GE, of course, is not the only high-profile corporate tax dodger. The new US Uncut campaign is also targeting Bank of America, Verizon and FedEx. Other offenders include Google and Amazon.
What tends to get overlooked in the furor over big business tax avoidance is that the companies involved are usually ones that profess to adhere to the principles of corporate social responsibility.
Take General Electric. Like many other large firms, GE tries hard to present itself as a good corporate “citizen.” It has a website dedicated to the subject, and its board of directors has a Public Responsibilities Committee. GE also publishes an annual Citizenship Report.
In the 44 pages of that report, taxes are mentioned only in passing—and then mainly to cite the total amount GE pays to governments worldwide. It uses a figure of $23 billion, but that is over the course of a decade, whereas the other numbers in the report tend to be annual ones. Nor does GE compare the number to the more than $160 billion it earned in profits during the ten years.
GE goes on at length about its commitment to “Community Building,” stating that “Governments and national institutions are vital to progress. The quality of public institutions is therefore crucial.” Yet when it comes to explaining what it does to support a strong public sector, the company changes the subject. It highlights its charitable contributions, its investments in “human capital” and its involvement in environmental and trade policy issues.
GE, like many other companies, is able to get away with this because issues such as fair taxation and tax compliance are largely absent from the discourse of corporate social responsibility (CSR). Given the lack of a standardized definition of what is and is not socially responsible, corporations can pick and choose. We thus end up with cases such as Wal-Mart, which maintains its Neanderthal labor practices while touting environmental initiatives as evidence of its high level of ethicality.
Selective business ethics is especially problematic when it comes to taxes. Business apologists say that corporations have a duty to their shareholders to minimize tax payments and that there is nothing wrong with using all legal means to do so. But how far does that go? The Times pointed out that GE’s tax department has a staff of 975 dedicated to finding every last trick, and the company spends millions each year lobbying for even more loopholes.
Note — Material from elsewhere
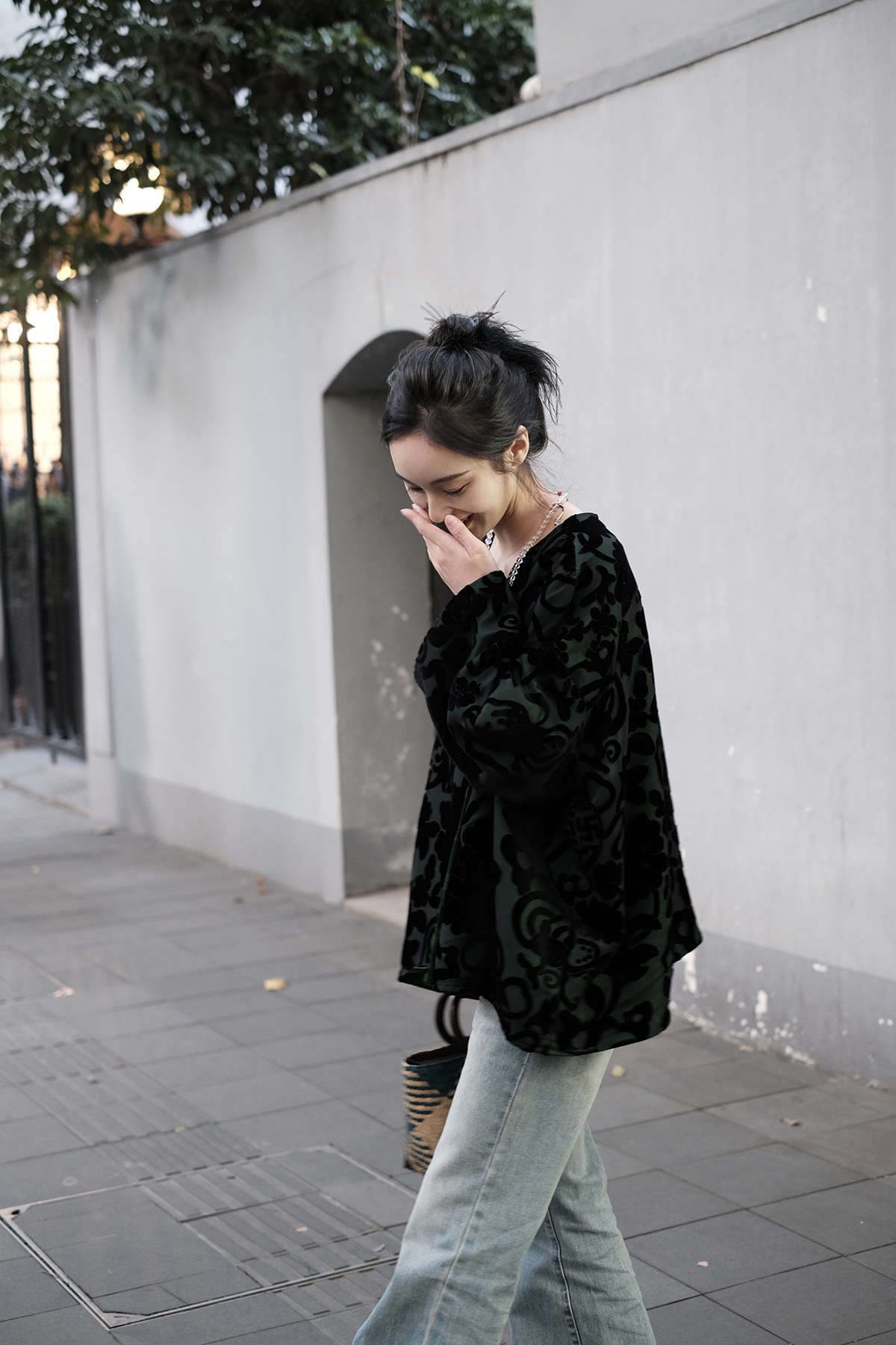 盛唐婧 |桑蚕丝提花宽松百搭T恤-黑色
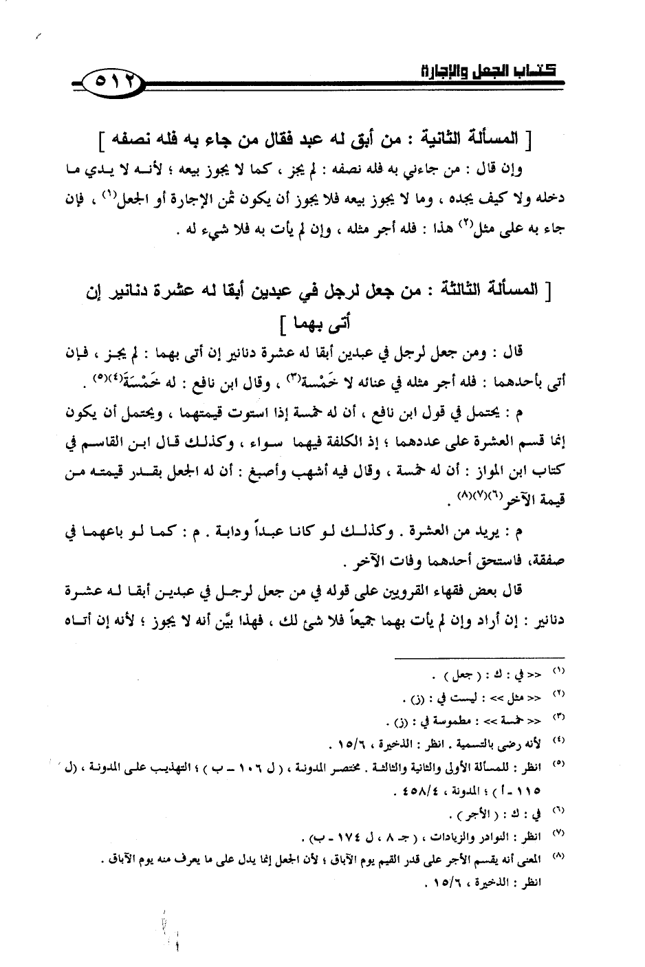 قال بعض الفقهاء القرويين على قوله في من جعل لرجل في عبدين أبقا له عشرة دنانير: إن أراد وإن لم يأت بهما جميعاً فلا شيء لك, فهذا بيَّن أنه لا يجوز؛ لأنه إن أتاه

What about Wal-Mart’s use of a device known as a captive real estate investment trust to avoid billions of dollars in state income taxes by essentially paying rent to itself and then deducting the cost? And how about those companies that create paper subsidiaries in offshore tax havens? A 2010 study published in the journal Corporate Governance found that even companies that move their legal headquarters to such havens go on claiming to be socially responsible.
Another obstacle is that the governments that are victimized by business tax dodging often fail to take strong measures, thus reinforcing the idea that it is not a significant offense. In the United States, criminal tax prosecutions of large corporations are few and far between. In a rare instance last December, Deutsche Bank paid $553 million in fines and admitted to criminal wrongdoing for helping U.S. customers make use of fraudulent tax shelters. Deutsche Bank, of course, professes a strong commitment to corporate social responsibility.
One place where CSR-spouting corporate tax dodgers are starting to be challenged is Britain. Over the past few years, human rights groups such as Christian Aid have criticized tax avoidance and evasion by transnational corporate operations in developing countries, arguing that these practices keep those nations stuck in a poverty trap. More recently, the UK Uncut campaign (which inspired US Uncut) has targeted tax dodging in Britain itself by corporations such as the European cellphone giant Vodafone. Cyberactivists hacked into Vodafone’s CSR website to post messages about the firm’s dubious tax practices.
Actions such as these help cut through the corporate obfuscation and make it clear that the failure of a large company to comply with a shared responsibility such as taxes is socially irresponsible.